*Supplied information*:
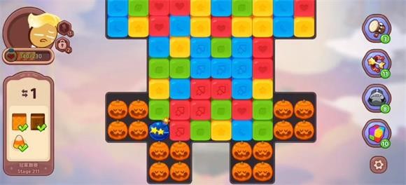 丰富城堡的元素,使城堡更加丰富多彩,同时收集到的饼干角色可用于关卡挑战。
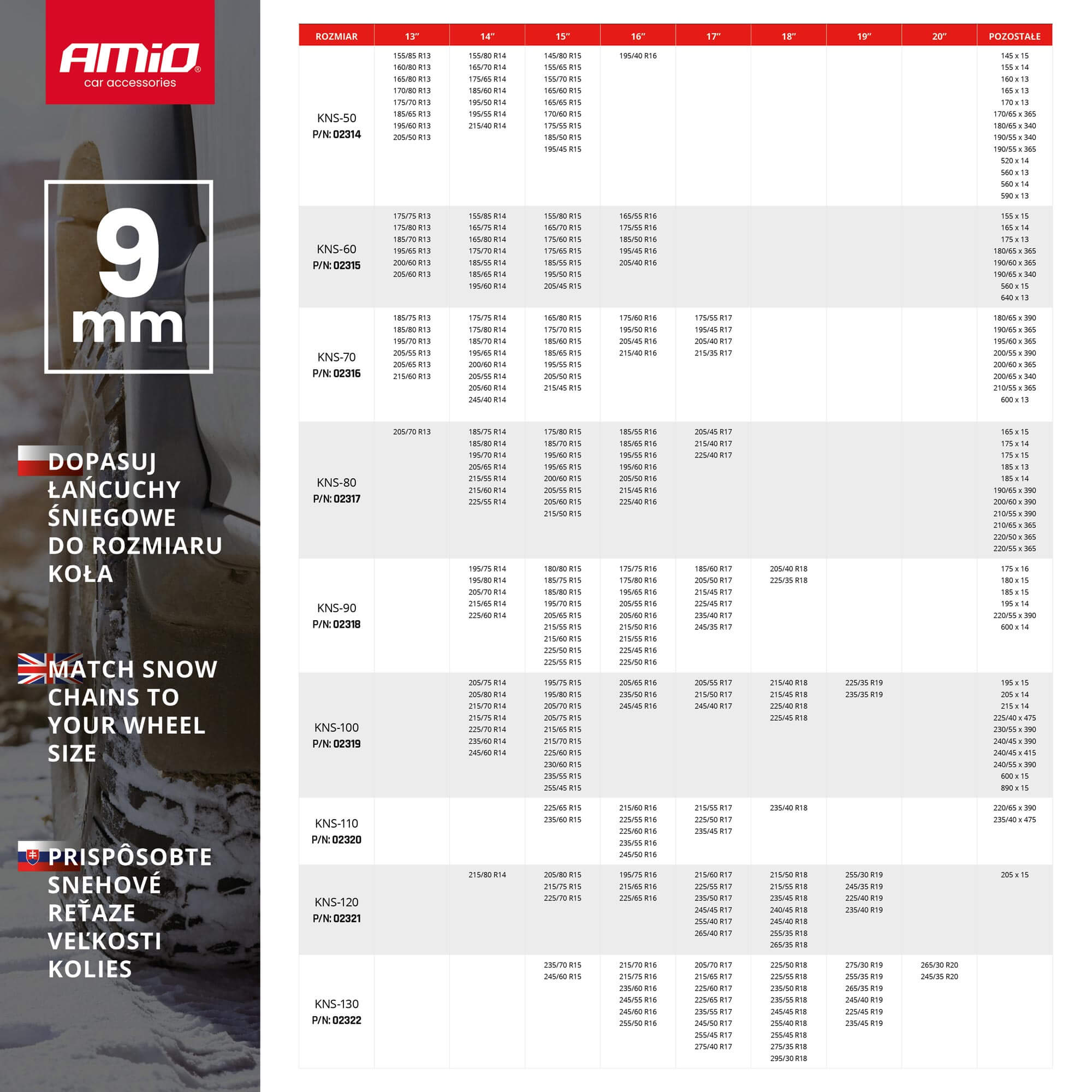 Epäsymmetrinen, rombinen ketjukuvio, joka suojaa ajoneuvoa liukastumiselta, etenkin kääntöliikkeen aikana. Nopea asennus ilman tarvetta ajaa auton yli. Yhteensopiva ABS: n ja ESP: n kanssa.
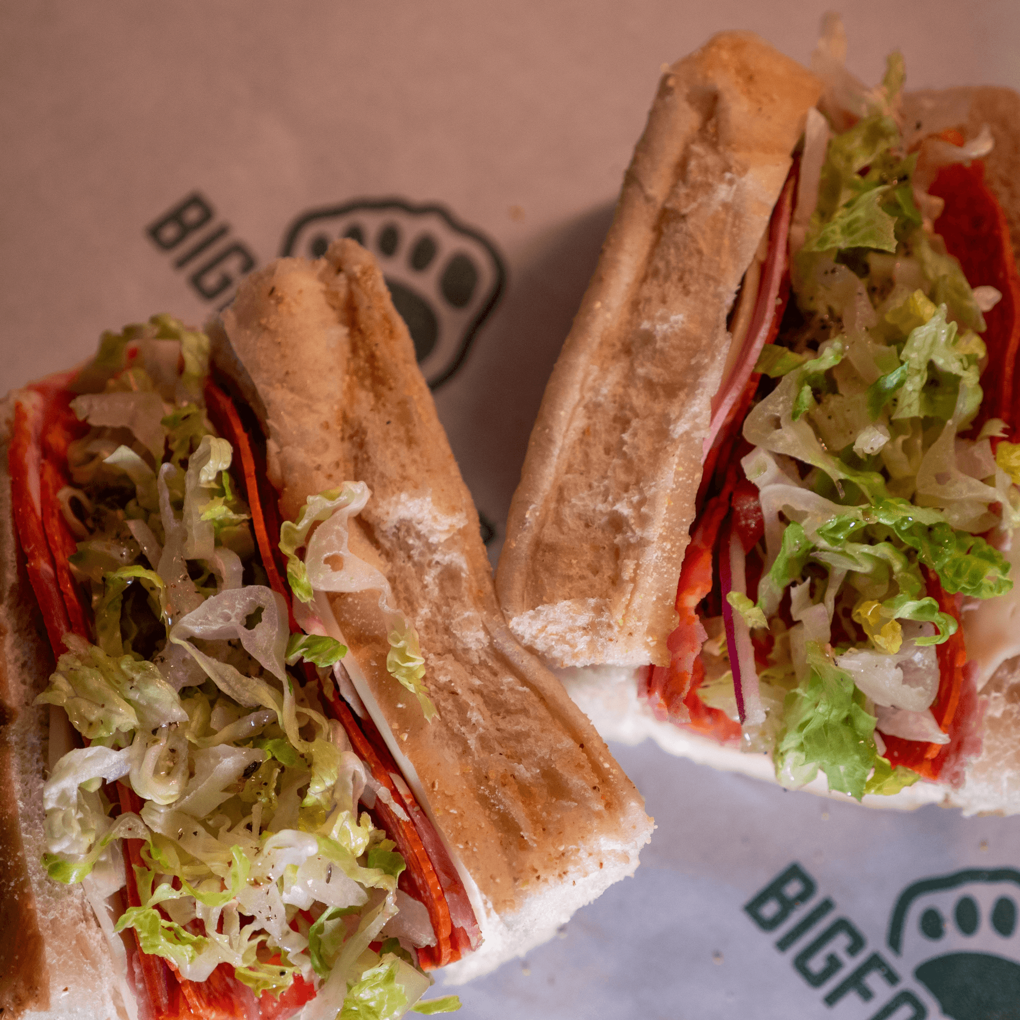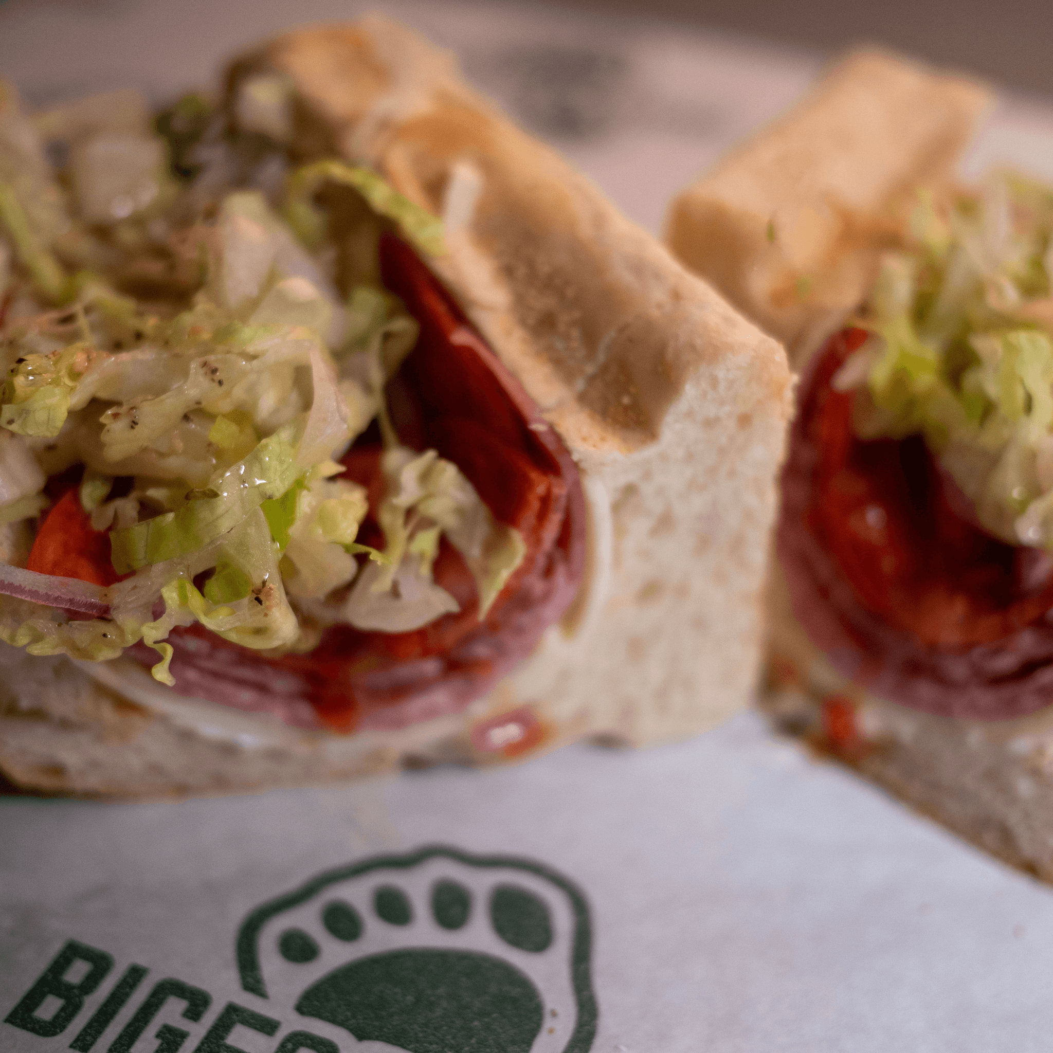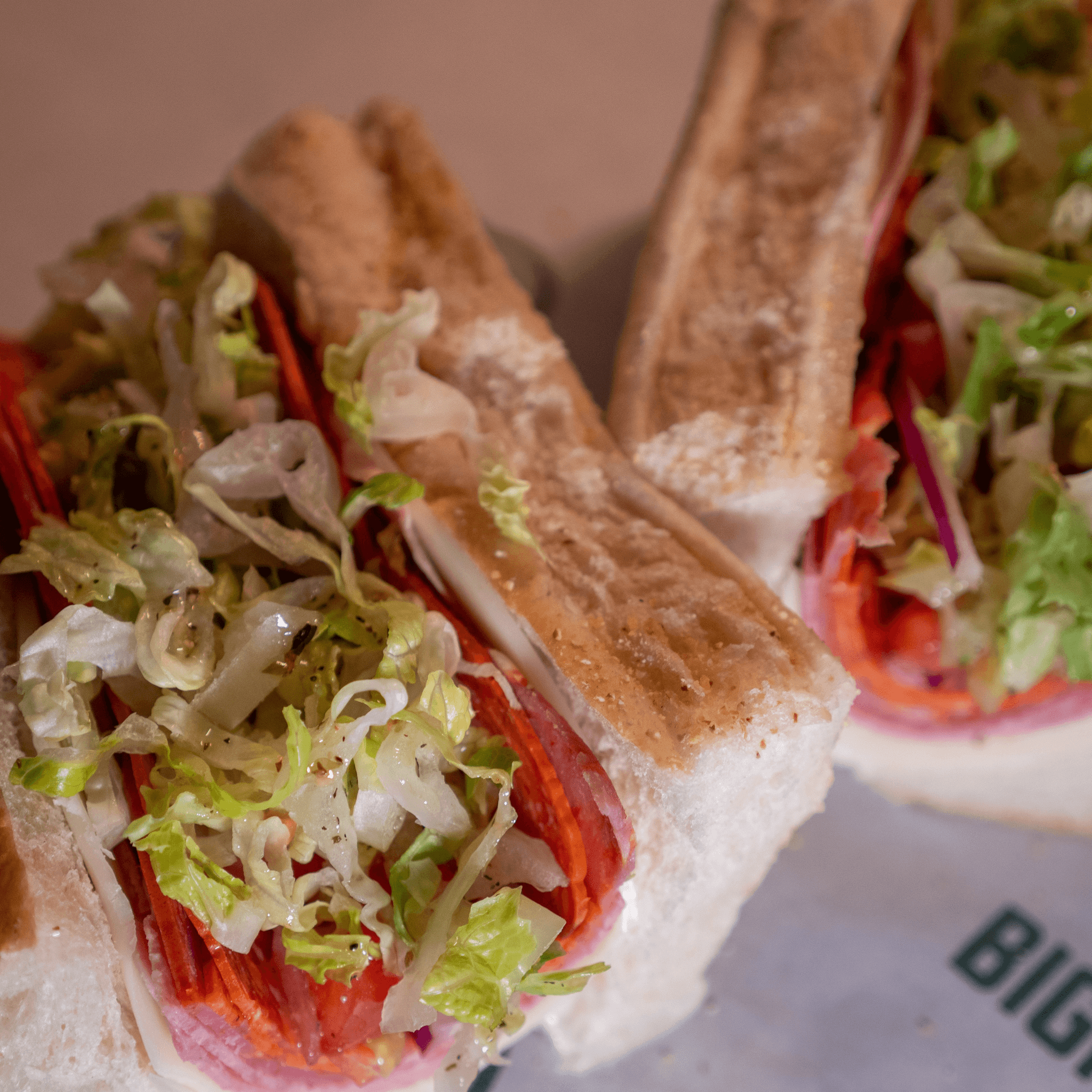 Hot sopressata, pepperoni, genoa salami, sharp provolone, hot pepper blend, red onions, tomatoes, shredded lettuce, basil mayo & culinary lube

*Task goal*: Retype the data shown above exactly, excluding any picture it contains.

*Response to this task*:
 丰富城堡的元素,使城堡更加丰富多彩,同时收集到的饼干角色可用于关卡挑战。
 Epäsymmetrinen, rombinen ketjukuvio, joka suojaa ajoneuvoa liukastumiselta, etenkin kääntöliikkeen aikana. Nopea asennus ilman tarvetta ajaa auton yli. Yhteensopiva ABS: n ja ESP: n kanssa.
 Hot sopressata, pepperoni, genoa salami, sharp provolone, hot pepper blend, red onions, tomatoes, shredded lettuce, basil mayo & culinary lube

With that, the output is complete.